→ **Activity**:
Extract the lines up to and including the one that contains "Instructions for use: First", starting with the first line of the entries below, and omit the pictures.

● ● ● ● ● ● ●

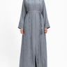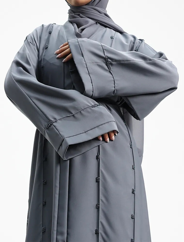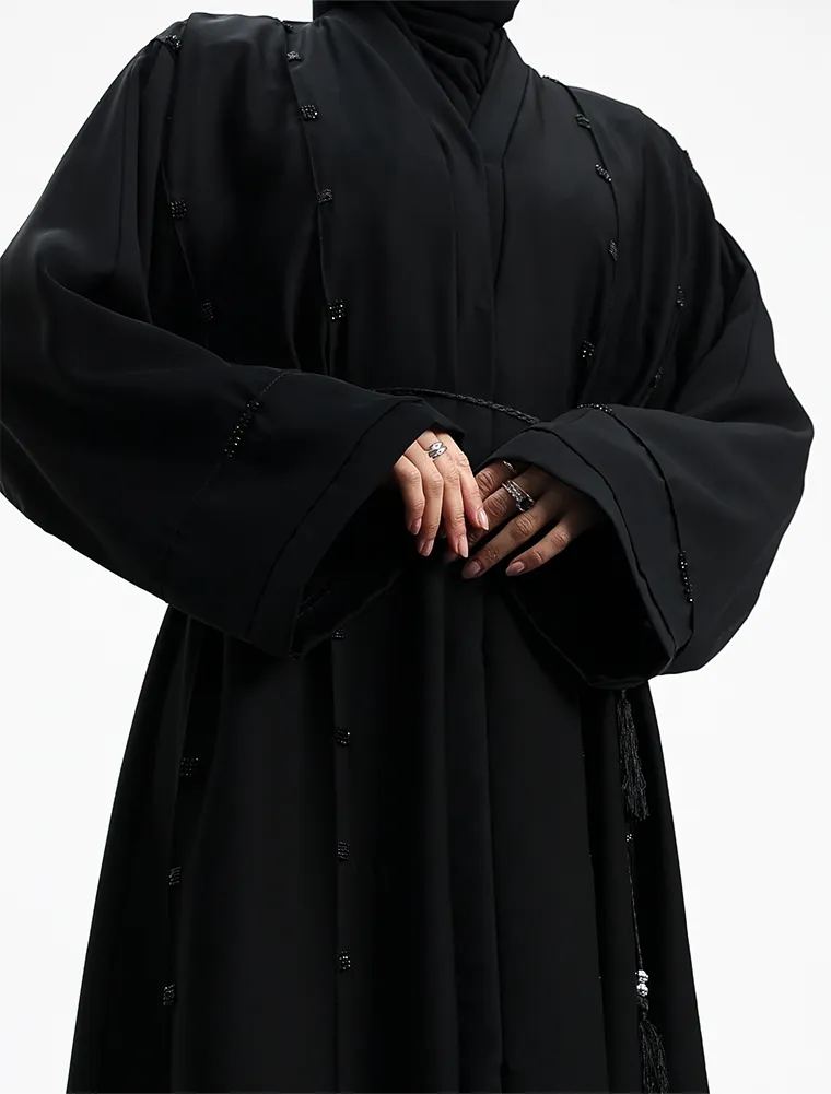 The Jihan Abaya is designed with understated elegance, featuring a clean front opening secured with hidden press buttons running seamlessly from top to bottom for a smooth, refined finish. Thoughtfully placed pintuck detailing enhances the silhouette, while delicate hand-beadwork adds a subtle touch of craftsmanship and sophistication.
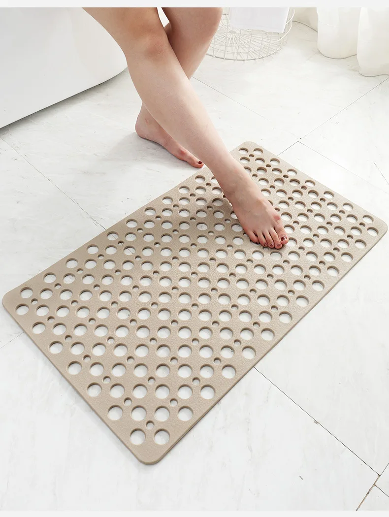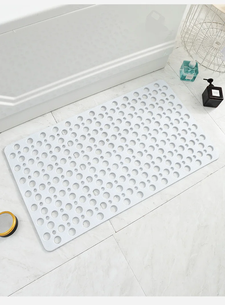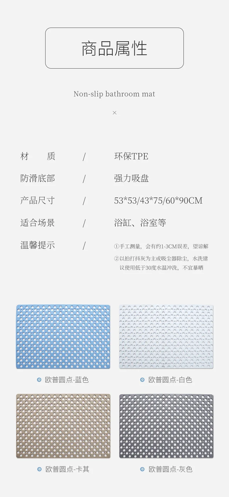 Instructions for use: First lay the bath mat on the slippery floor or inside the bathtub, and then press the surface of the mat to discharge the air in the suction cup. The suction cup firmly sticks to the ground. Make sure the mat is no longer moving, you can stand on it and use it.
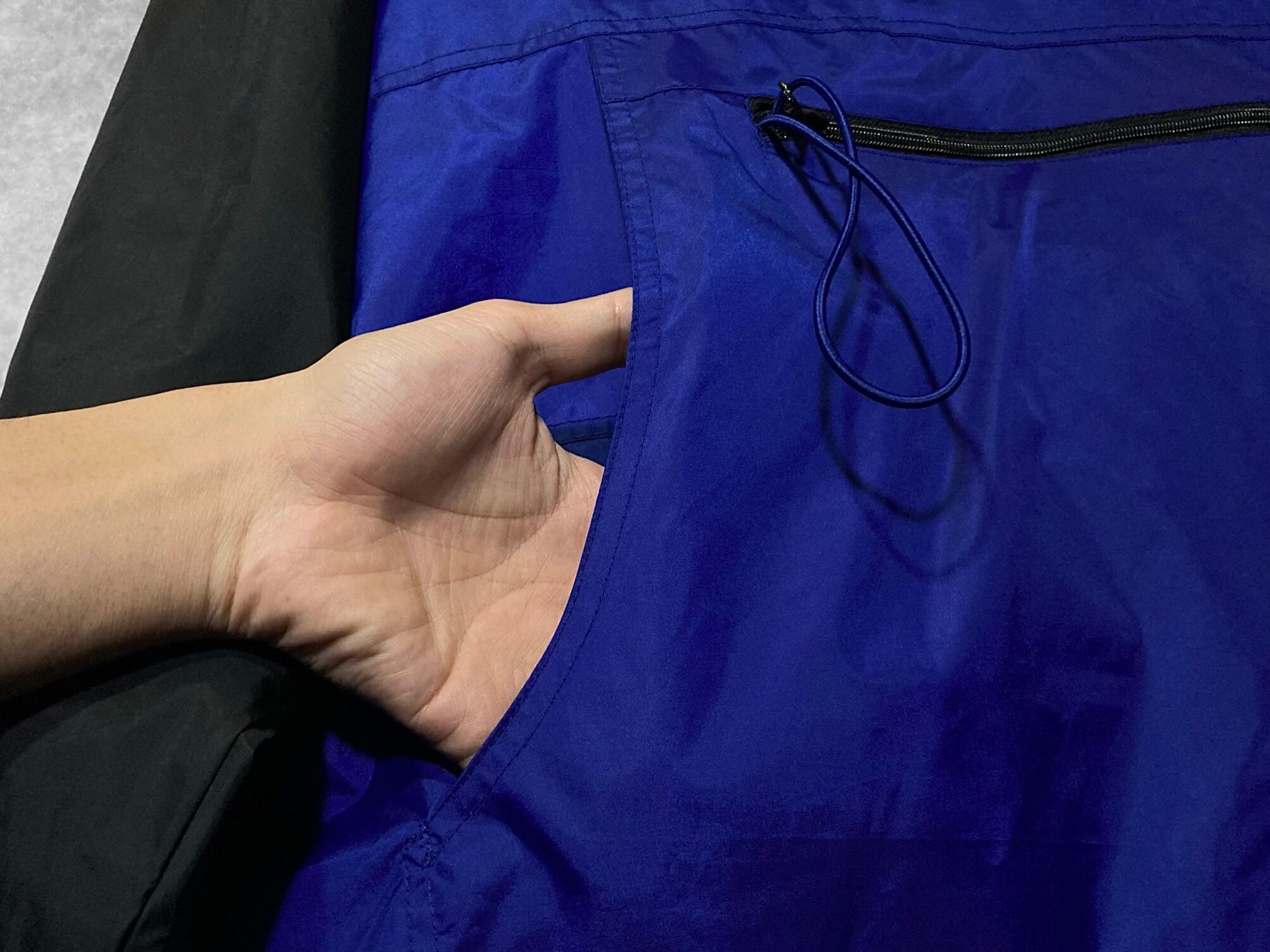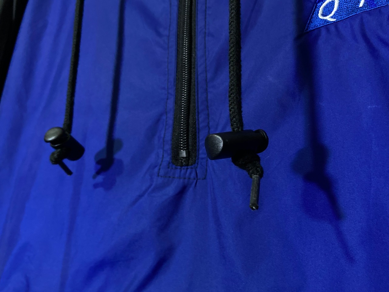 パキッとしたブルーが印象的なナイロンアノラックパーカーが入荷。
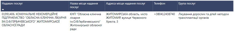 Зауважимо, що в Житомирській області послуги з трансплантації органів за цією програмою можна отримати в одному закладі - КНП «Обласна клінічна лікарня ім. О.Ф.Гербачевського» Житомирської обласної ради.
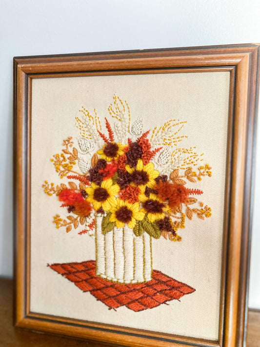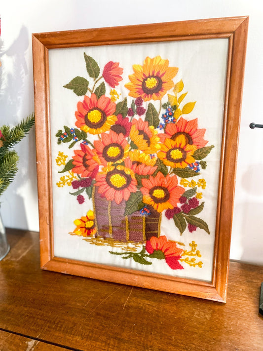 Vintage Floral Fall Sunflower Bouquet Crewel Wall Art
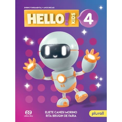 A nova edição do HELLO, KIDS! desenvolve as quatro habilidades oralidade, leitura, escrita e fala, além da diversidade cultural e habilidades socioemocionais. A abordagem e os temas são contemporâneos para incentivar a participação dos alunos com jogos, brincadeiras, atividades com abordagem CLIL e STEAM, projetos interdisciplinares e uma variedade de atividades digitais. O robô Kiddie5, convida os alunos a dizer chants para aprimorar a pronúncia. Acompanha um reader para o aluno ler e ouvir as histórias. Áudios disponíveis no Plurall ou no Spotify. Marca: ATICA - DIDATICOS **
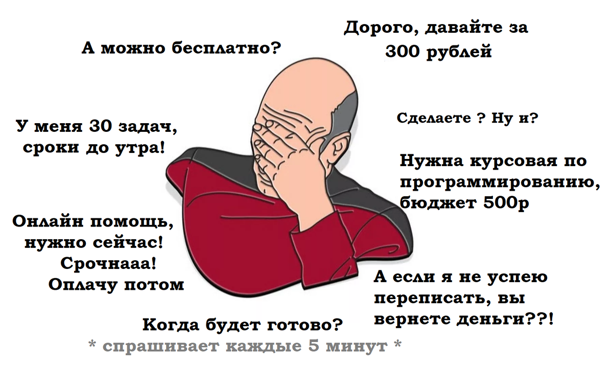 Как только начинается сессия, как только поджимают сроки, заказчики активизируются, начинается броуновское движения, просыпается вялая мотивация учиться, начинаются шевелиться лапки и извилины, но.... какая досада, оказывается, непонятно как делать, и разобраться за 5 минут не удается. Приходится отправляться на поиски спасителя. Грамотное ТЗ, конечно же не нужно. Бюджет 500 деревянных на работу любой сложности. Переделки по вине заказчика в 90 % случаев всегда планируется исправить за счет исполнителя.
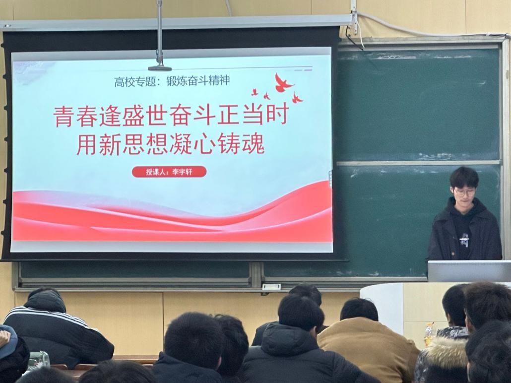 团课上,李宇轩同学首先带领同学们学习了习近平新时代中国特色社会主义思想的重要性,以及党的思想旗帜和精神旗帜。在团课上,同学们围绕如何在新时代背景下锻炼奋斗精神进行了深入探讨。大家一致认为,要以习近平新时代中国特色社会主义思想为指导,树立远大理想,明确奋斗目标,坚定信念,勇于担当。同时,要注重实践锻炼,通过参与各种实践活动,不断提升自己的能力和素质。
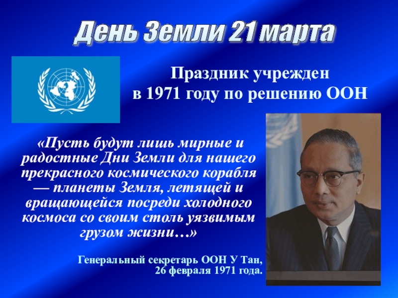 «Пусть будут лишь мирные и радостные Дни Земли для нашего прекрасного космического корабля — планеты Земля, летящей и вращающейся посреди холодного космоса со своим столь уязвимым грузом жизни…»
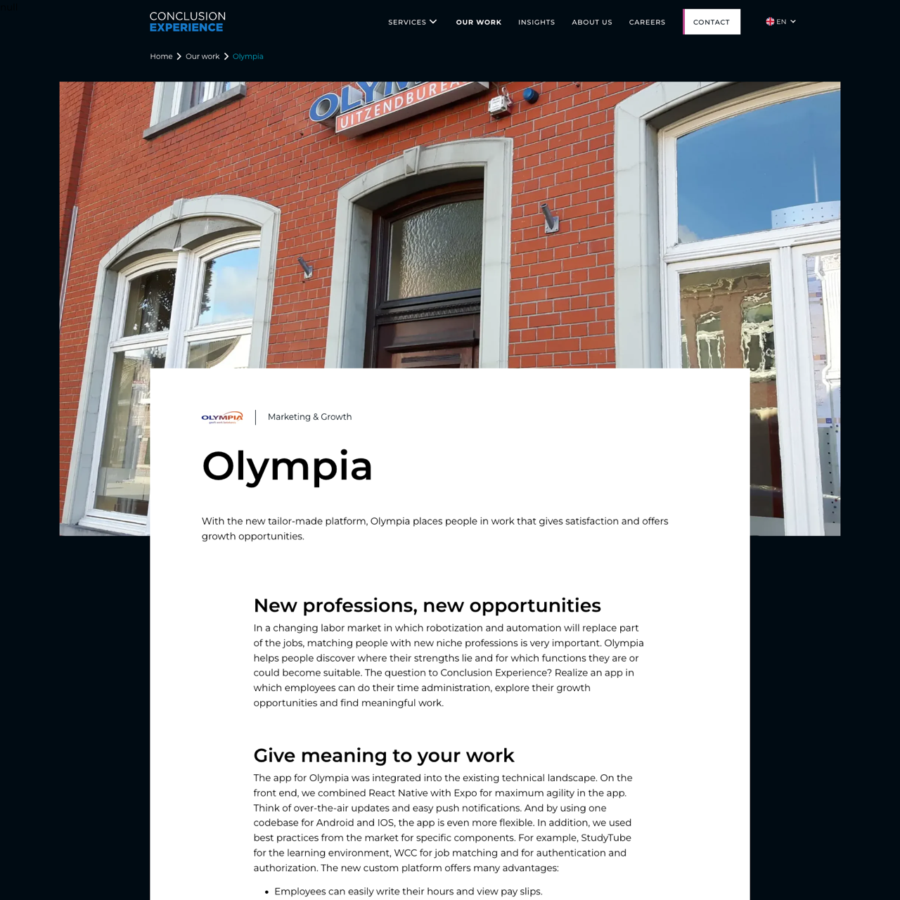 Olympia's new app empowers employees to manage their time, explore growth opportunities, and find meaningful work through a streamlined platform. Built with React Native and Expo, the app offers real-time time tracking, personalized job matches, and tailored learning paths. Features like pay slips and direct employee contact enhance user experience, while the platform's flexibility ensures seamless integration across Android and iOS. In the first seven months, the app attracted 15,000 users, with 27% using it weekly. Courses like 'Flawless Dutch' and 'BHV, the basis' are frequently taken to boost employability. The app has driven over 100 new applications and 400 users through its 'Discover' and 'Develop' modules, demonstrating its impact on employee development and career growth.
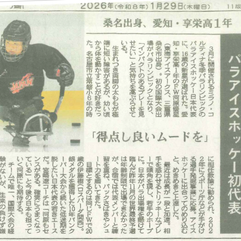 享栄高校1年生 河原優星くん パラアイスホッケー日本代表選出

● ● ● ● ● ● ●

→ **Exercise response**:
 The Jihan Abaya is designed with understated elegance, featuring a clean front opening secured with hidden press buttons running seamlessly from top to bottom for a smooth, refined finish. Thoughtfully placed pintuck detailing enhances the silhouette, while delicate hand-beadwork adds a subtle touch of craftsmanship and sophistication.
 Instructions for use: First lay the bath mat on the slippery floor or inside the bathtub, and then press the surface of the mat to discharge the air in the suction cup. The suction cup firmly sticks to the ground. Make sure the mat is no longer moving, you can stand on it and use it.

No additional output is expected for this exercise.